Chapter 2 builds on the “culture material” in the first chapter by exploring how culture is created in one of two ways:
1. Through the influence of instincts, a largely non-sociological (‘nature’) approach to understanding culture.
2. Through the influence of our social environment, a conventional sociological approach that outlines different types and agencies of socialisation.
More-specifically the chapter covers the process of socialisation in terms of:
• Feral children
• Types of socialisation (primary, secondary, etc.)
• Formal and Informal social control
• Agencies of socialisation (primary and secondary)

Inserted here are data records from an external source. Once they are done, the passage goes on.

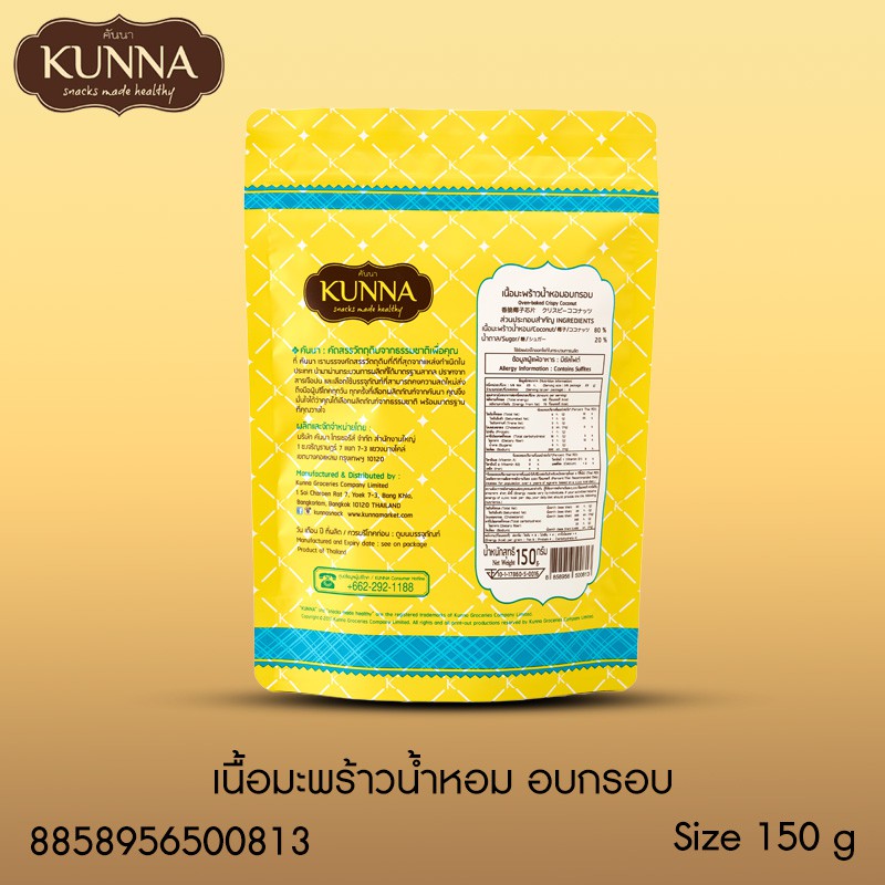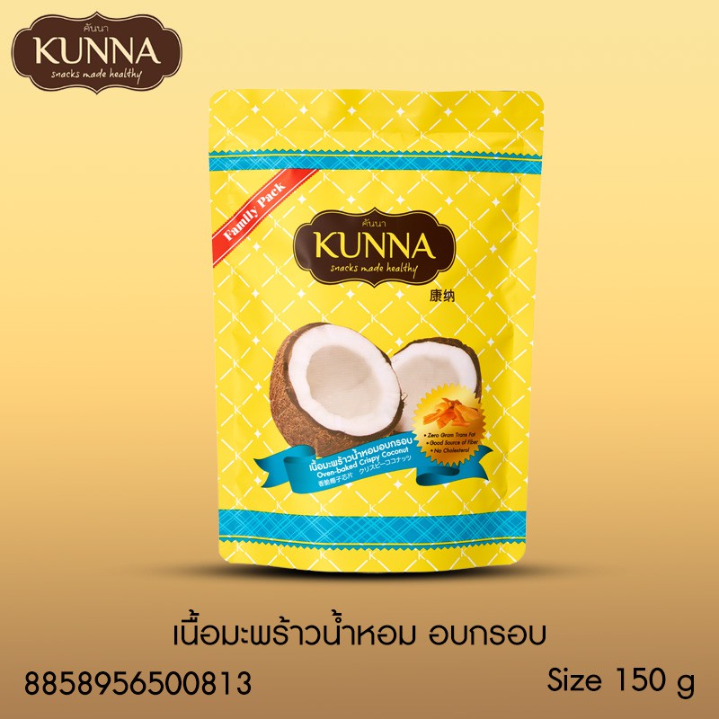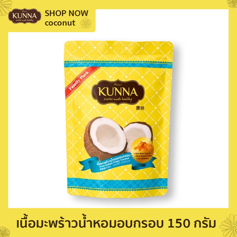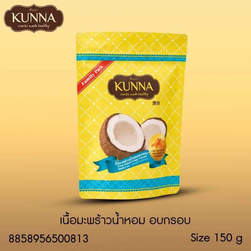 เนื้อมะพร้าวน้ำหอมอบกรอบ 150 กรัม 1 ซอง แบรนด์ KUNNA (คันนา)
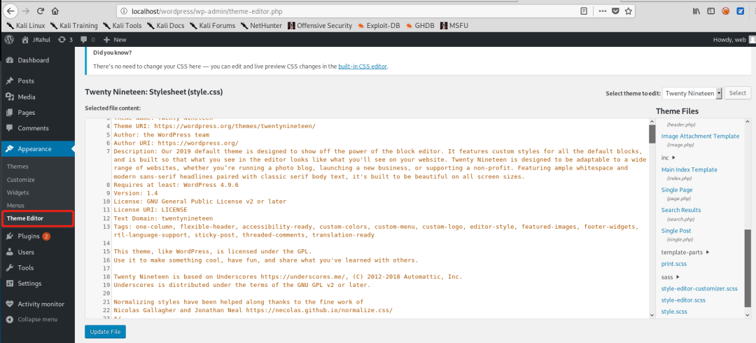 1.是通过Appearance下的themeeditor模块添加php反弹shell的代码,再用metasploist监听获取shell
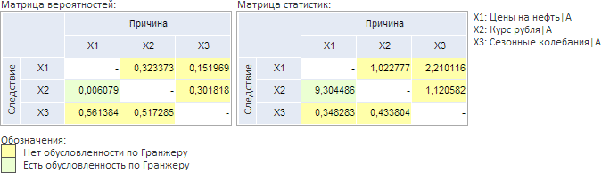 Тест выполняется одновременно для всех выделенных переменных. Рассчитываются матрицы вероятностей и статистик. Значения вероятностей сравниваются с заданным уровнем значимости. Малое значение вероятности говорит о возможной зависимости между переменными.
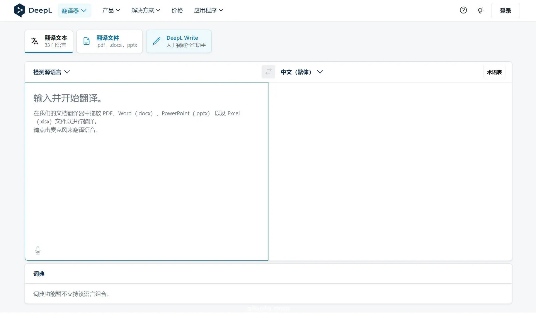 分享一款较为热门的翻译工具DeepL,这是一款高精度的人工智能翻译工具,除了像普通翻译工具一样输入内容翻译外,它还支持上传翻译多种格式的文档,如 PDF、Word、PowerPoint 以及 Excel 文件。
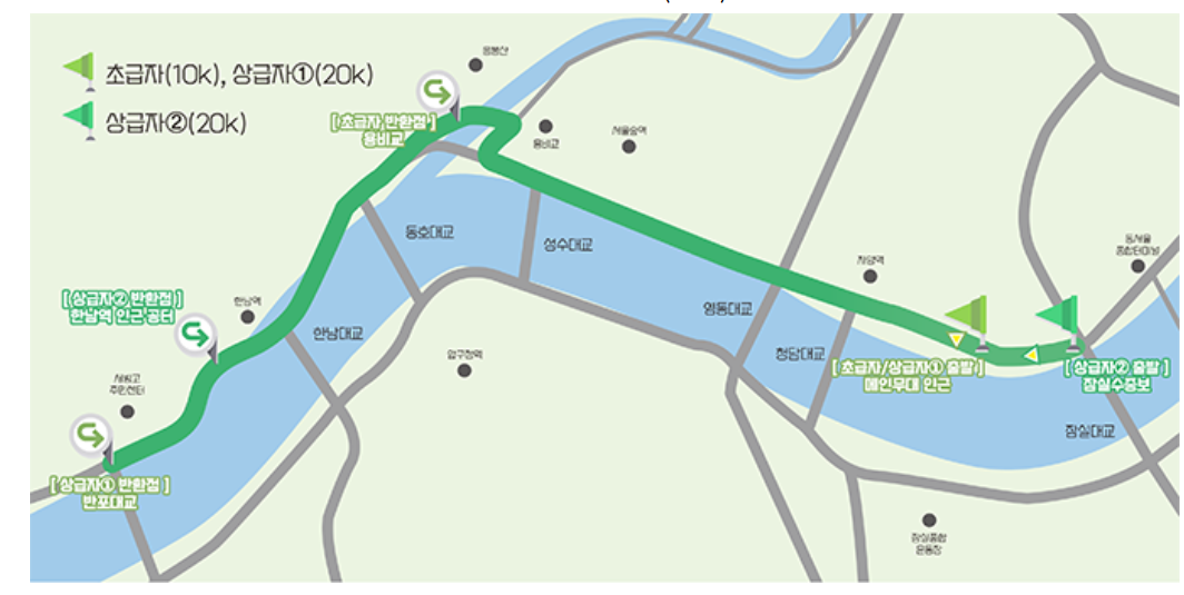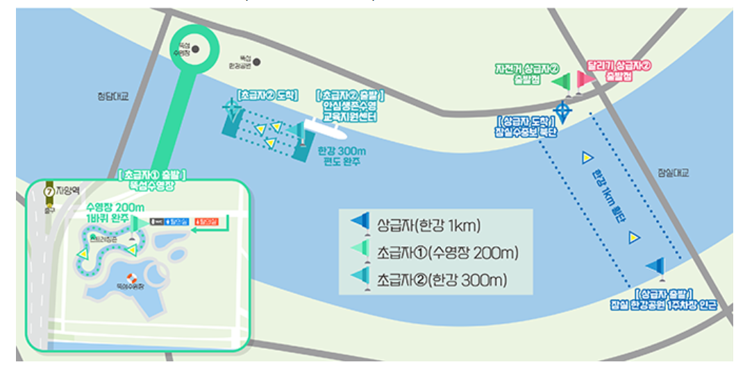 ● 수영 1km 참여 시 - 잠실수중보 북단 ~ 용비교 ~ 한남역 인근(반환)
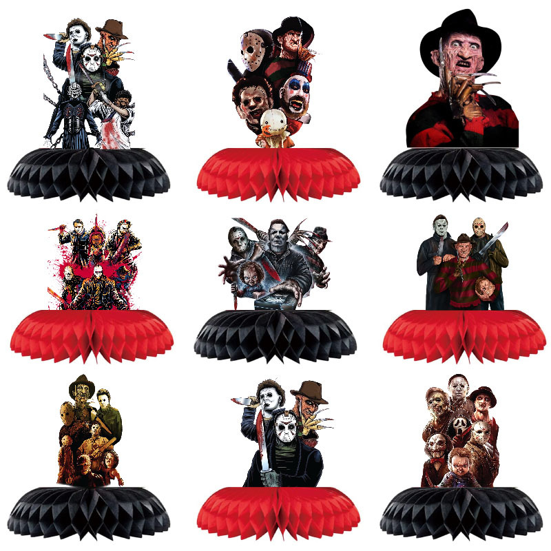 恐怖经典电影人物派对装饰蜂窝摆件 男孩女孩万圣节派对桌面摆台
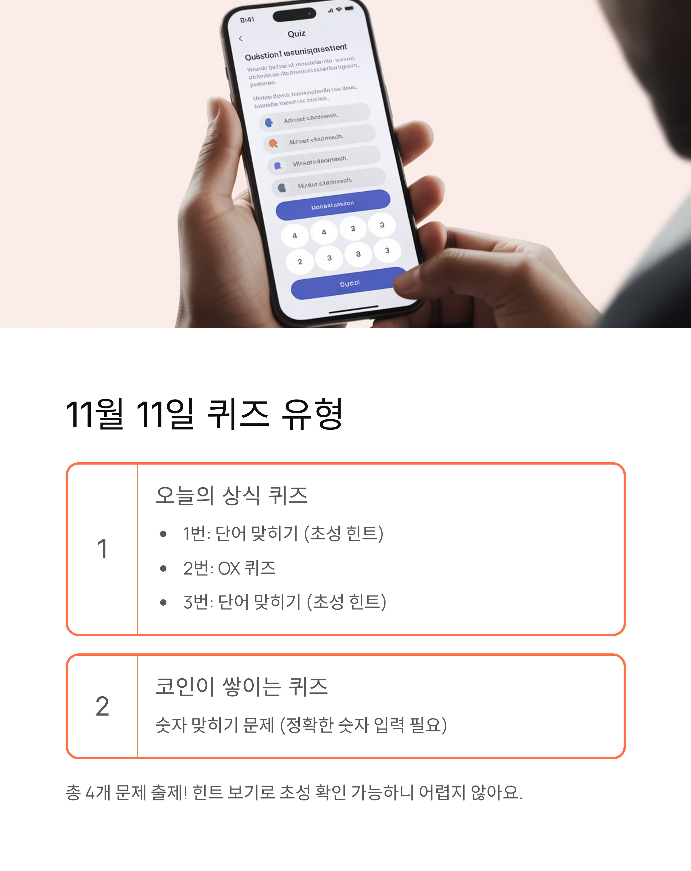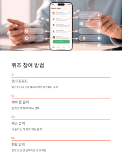 퀴즈 화면에서 문제를 확인하고, 모르겠다면 '힌트 보기'를 눌러보세요. 초성 힌트가 나오니까 답을 훨씬 쉽게 맞힐 수 있어요. 정답을 입력하고 제출하면 바로 코인이 적립돼요. 정말 쉽죠?
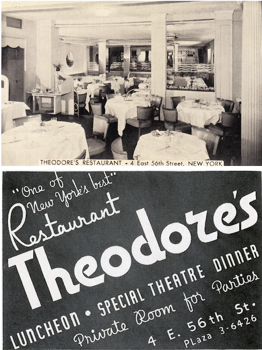 CAN’T MISS IT…Top, postcard image of Theodore’s Restaurant; below, ad for Theodore’s in Stage magazine, February 1938. (Etsy.com)
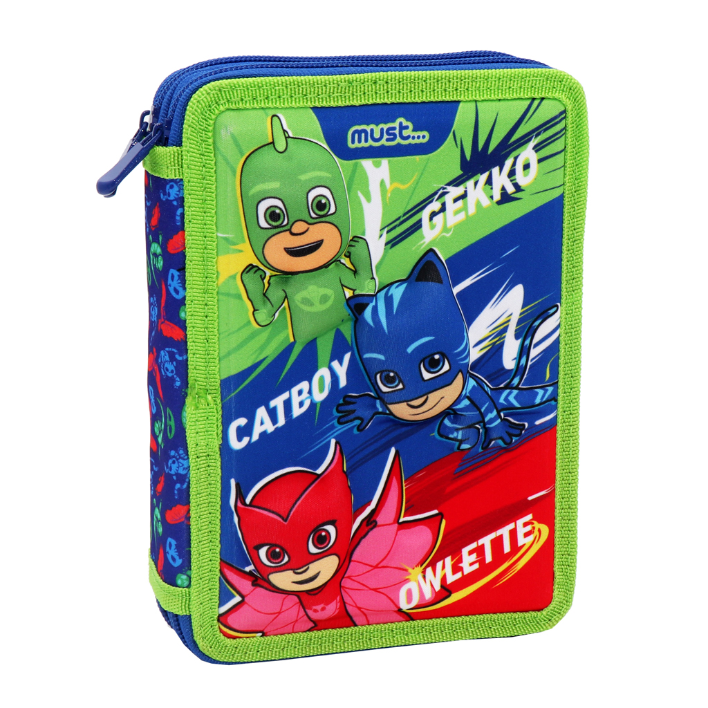 Училишната футрола PJ Masks ги има сите потребни училишни материјали и нуди соодветна организација, безбеден транспорт и складирање на целиот училиштен материјал на училиште. Димензии: 15x21x5 cm. Материјал: Полиестер. Училишната футрола содржи пенкало, молив, гума, гума, линијари, боички и маркери. Издржливи патенти

• Structure and Action approaches
• Consensus perspectives (Functionalism)
• Conflict perspectives (Marxism, Feminism)
• Action perspectives
• Postmodern perspectives
For those of you who worry about such things the book was originally written for the OCR Specification but since it’s really just a general introduction to culture and socialisation it will cause no harm if students following other Specifications are exposed to the material it contains. Whether it will do you or them any good is, of course, not something on which I wish to speculate.
As with the previous chapter some printer’s marks are visible and a few illustrations that appear in the final version have not been included for the deceptively simple reason that I wasn’t involved in their selection and I can’t be bothered to look in the book to see what they were. That’s probably two reasons, I grant you, but you probably get the drift.